The Peruvian writer Mario Vargas Llosa describes Julio César Arana in detail in his 2010 novel El sueño del celta (German 2011 The Dream of the Celt ), at the center of which he was involved in the investigation of the atrocities of Putumayu, but executed in London in 1916 as an Irish independence fighter Roger Casement is standing.

literature

  • Ovidio Lagos: Arana, rey del caucho: terror y atrocidades en el Alto Amazonas . Emecé Editores, Buenos Aires 2005.
  • Charles C. Mann: 1493: Uncovering the New World Columbus Created . Knopf Doubleday Publishing Group, New York City 2011, pp. 247–249 (cf. excerpt from another edition: Chapter 7: Black Gold . Pp. 329–332).
  • Wade Davis: One River - Explorations and Discoveries in the Amazon Rain Forest . Simon and Schuster, New York City 2010. pp. 236-239.
  • Luisa Abad González: Etnocidio y resistencia en la Amazonía peruana . Ediciones de la Universidad de Castilla-La Mancha, Cuenca (España) 2003. pp. 176-179.
  • José Eustasio Rivera: La Vorágine . Edición crítica, Flor María Rodríguez Arenas.

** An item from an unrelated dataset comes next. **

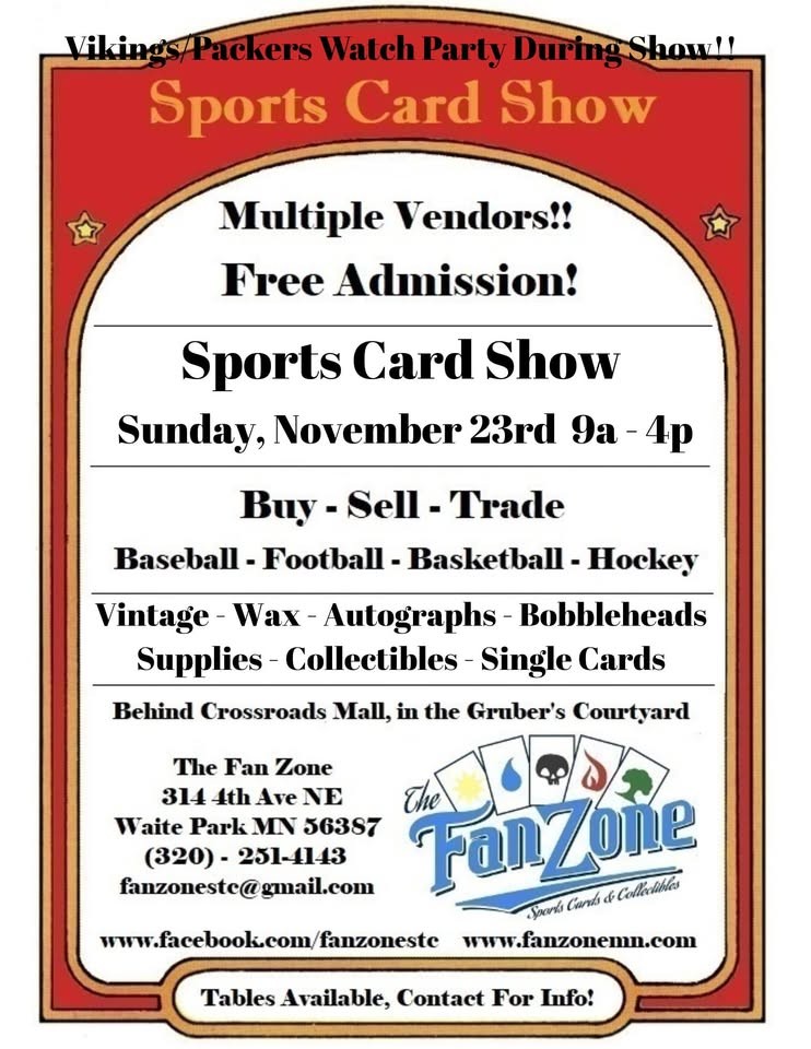 We strive to have every single card show, trade night, and autograph signing in the state and bordering communities all here in one spot. If you are aware of any events that we don’t have listed, please email info@cardsota.com and we’ll get it added right away!

Stockcero, Doral (Florida) 2013.
  • Walter Ernest Hardenburg: The Putumayo: The Devil's Paradise; Travels in the Peruvian Amazon Region and an Account of the Atrocities Committed Upon the Indians Therein . T. Fisher Unwin, London 1912. 347 pages.
  • Michael T. Taussig: Culture of Terror - Space of Death: Roger Casement's Putumayo Report and the Explanation of Torture . Society for Comparative Studies of Society and History, Cambridge University Press, Cambridge 1985. 16 pages.
  • Sir Roger Casement : The Amazon Journal of Roger Casement. Edited by Angus Mitchell. Anaconda Editions, London 1997.

Web links

Individual evidence

  1. ^ Clements R. Markham (1913): The Putumayu and the Question of Boundaries between Peru and Colombia . The Geographical Journal 41 (2), pp. 145-147.
  2. ^ Mariano Ospina Peña: El paraiso del diablo ( Memento of October 30, 2013 in the Internet Archive ). Caballeros Andantes.
  3. Wade Davis: One River - Explorations and Discoveries in the Amazon Rain Forest . Simon and Schuster, New York 2010. pp. 236-239.